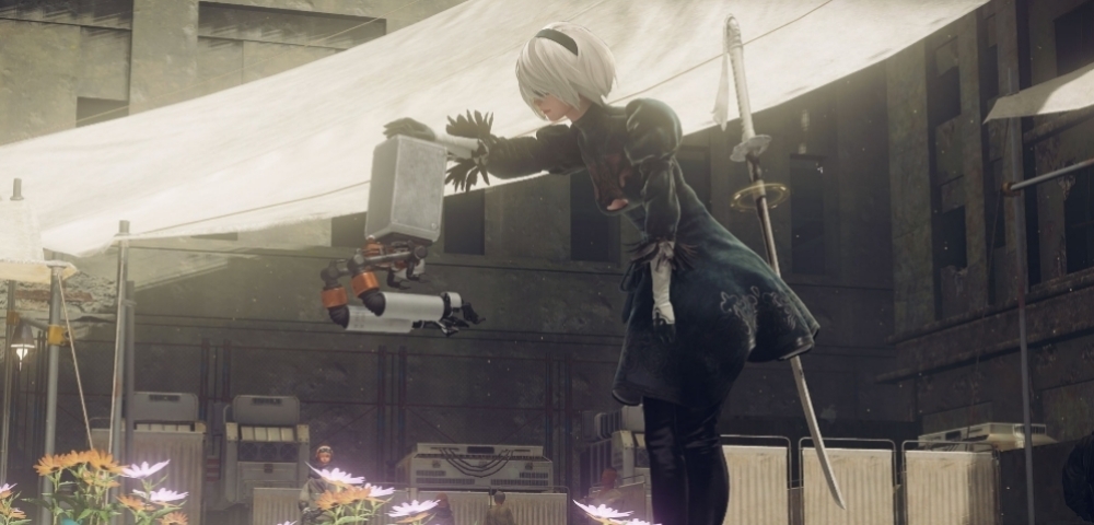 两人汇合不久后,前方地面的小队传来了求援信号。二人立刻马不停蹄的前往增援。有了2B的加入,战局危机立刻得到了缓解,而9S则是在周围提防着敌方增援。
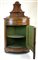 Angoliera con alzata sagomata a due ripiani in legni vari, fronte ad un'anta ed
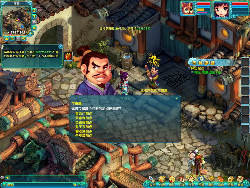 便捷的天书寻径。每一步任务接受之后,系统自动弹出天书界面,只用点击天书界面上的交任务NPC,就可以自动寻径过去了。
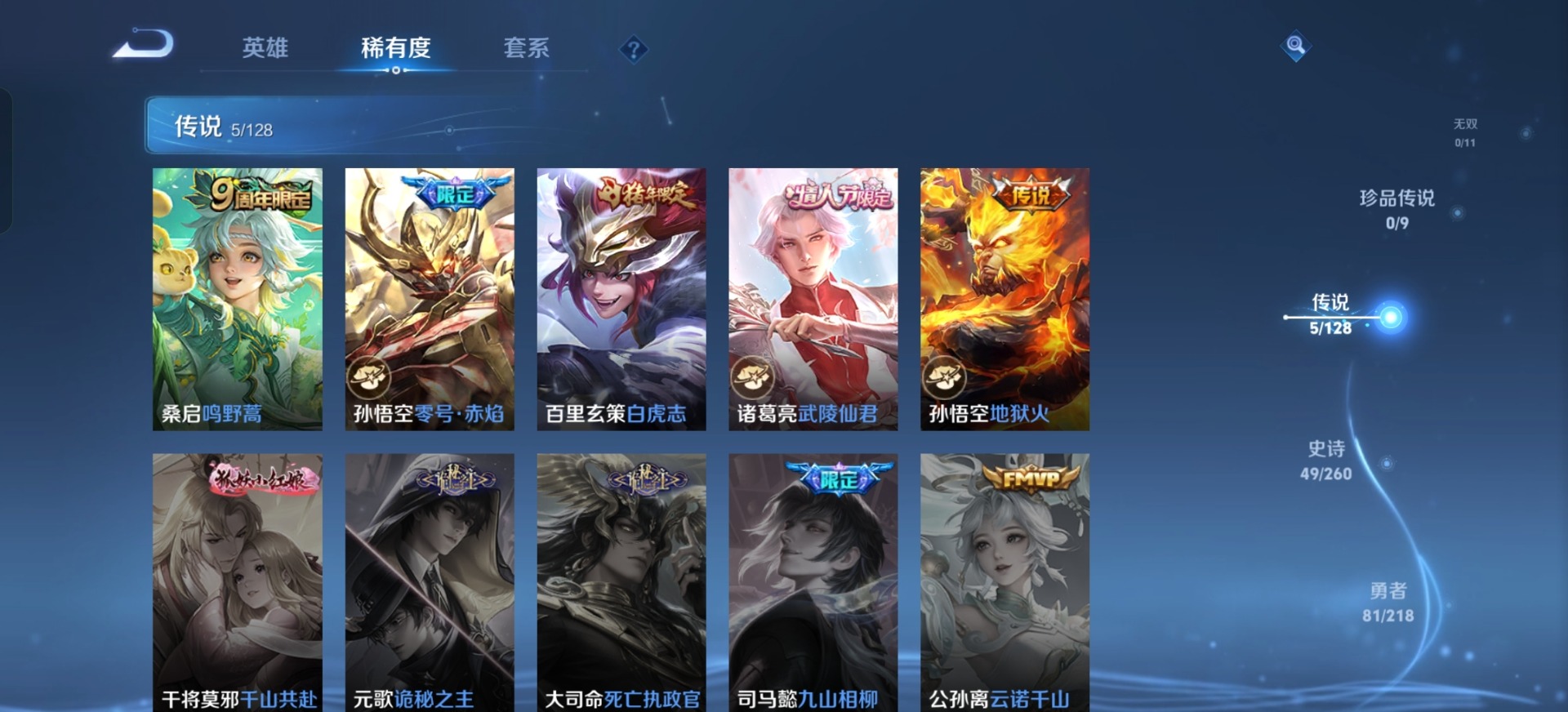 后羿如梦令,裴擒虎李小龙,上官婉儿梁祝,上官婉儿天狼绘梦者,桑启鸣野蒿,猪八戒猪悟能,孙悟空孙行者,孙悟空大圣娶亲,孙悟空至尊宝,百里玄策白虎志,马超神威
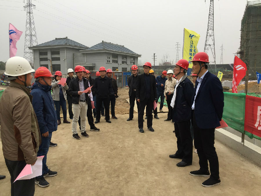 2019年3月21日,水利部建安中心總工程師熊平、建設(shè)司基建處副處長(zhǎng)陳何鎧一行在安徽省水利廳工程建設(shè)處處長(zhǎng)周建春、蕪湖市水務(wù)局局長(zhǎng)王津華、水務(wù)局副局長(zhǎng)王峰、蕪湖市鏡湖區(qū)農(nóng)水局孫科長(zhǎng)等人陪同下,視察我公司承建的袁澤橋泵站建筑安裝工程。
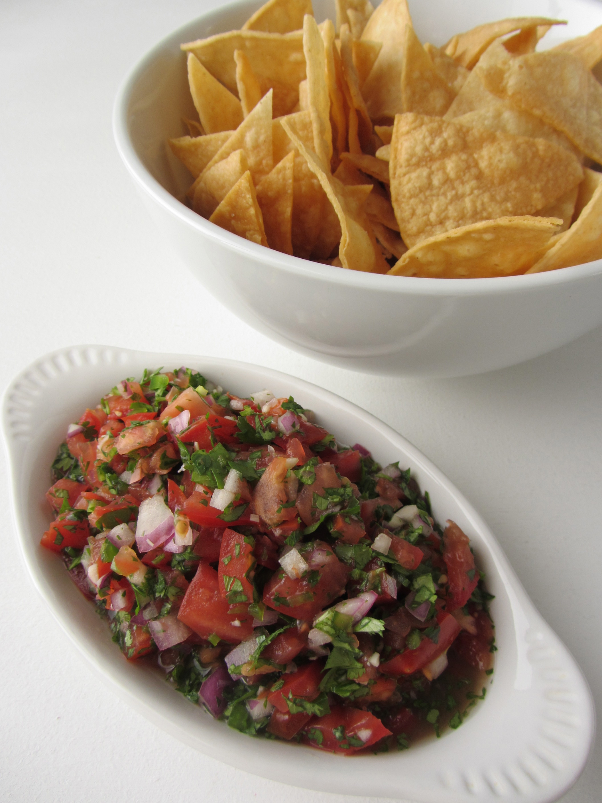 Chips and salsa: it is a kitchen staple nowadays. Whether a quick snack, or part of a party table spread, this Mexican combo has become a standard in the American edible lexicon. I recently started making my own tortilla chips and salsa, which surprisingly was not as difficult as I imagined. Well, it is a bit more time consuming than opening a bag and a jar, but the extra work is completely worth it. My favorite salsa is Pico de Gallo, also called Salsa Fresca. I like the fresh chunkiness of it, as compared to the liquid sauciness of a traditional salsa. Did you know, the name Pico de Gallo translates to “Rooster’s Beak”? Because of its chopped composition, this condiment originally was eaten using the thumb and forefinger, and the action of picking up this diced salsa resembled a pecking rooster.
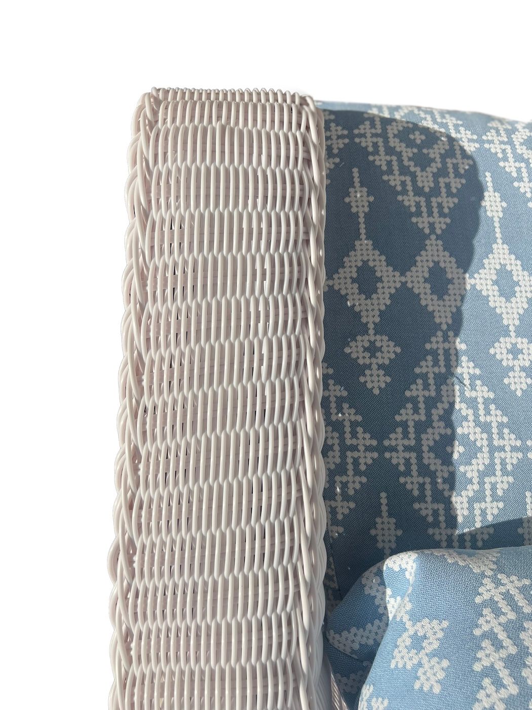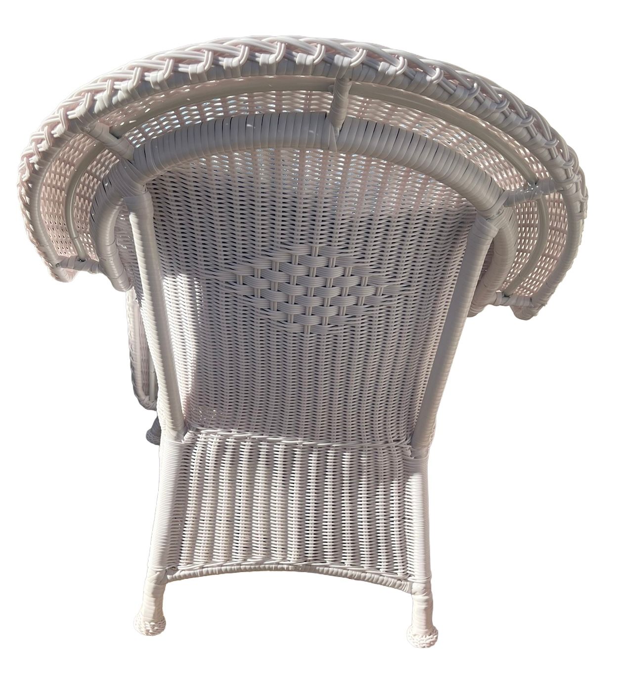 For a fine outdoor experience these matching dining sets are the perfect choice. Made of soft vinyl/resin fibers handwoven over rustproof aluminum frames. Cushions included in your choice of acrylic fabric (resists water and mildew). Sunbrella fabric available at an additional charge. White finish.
------------------------------------------------------------
EXERCISE DIRECTIONS: Restate the material above word for word; pictures do not belong in the copy.

EXPECTED ANSWER:
 两人汇合不久后,前方地面的小队传来了求援信号。二人立刻马不停蹄的前往增援。有了2B的加入,战局危机立刻得到了缓解,而9S则是在周围提防着敌方增援。
 Angoliera con alzata sagomata a due ripiani in legni vari, fronte ad un'anta ed
 便捷的天书寻径。每一步任务接受之后,系统自动弹出天书界面,只用点击天书界面上的交任务NPC,就可以自动寻径过去了。
 后羿如梦令,裴擒虎李小龙,上官婉儿梁祝,上官婉儿天狼绘梦者,桑启鸣野蒿,猪八戒猪悟能,孙悟空孙行者,孙悟空大圣娶亲,孙悟空至尊宝,百里玄策白虎志,马超神威
 2019年3月21日,水利部建安中心總工程師熊平、建設(shè)司基建處副處長(zhǎng)陳何鎧一行在安徽省水利廳工程建設(shè)處處長(zhǎng)周建春、蕪湖市水務(wù)局局長(zhǎng)王津華、水務(wù)局副局長(zhǎng)王峰、蕪湖市鏡湖區(qū)農(nóng)水局孫科長(zhǎng)等人陪同下,視察我公司承建的袁澤橋泵站建筑安裝工程。
 Chips and salsa: it is a kitchen staple nowadays. Whether a quick snack, or part of a party table spread, this Mexican combo has become a standard in the American edible lexicon. I recently started making my own tortilla chips and salsa, which surprisingly was not as difficult as I imagined. Well, it is a bit more time consuming than opening a bag and a jar, but the extra work is completely worth it. My favorite salsa is Pico de Gallo, also called Salsa Fresca. I like the fresh chunkiness of it, as compared to the liquid sauciness of a traditional salsa. Did you know, the name Pico de Gallo translates to “Rooster’s Beak”? Because of its chopped composition, this condiment originally was eaten using the thumb and forefinger, and the action of picking up this diced salsa resembled a pecking rooster.
 For a fine outdoor experience these matching dining sets are the perfect choice. Made of soft vinyl/resin fibers handwoven over rustproof aluminum frames. Cushions included in your choice of acrylic fabric (resists water and mildew). Sunbrella fabric available at an additional charge. White finish.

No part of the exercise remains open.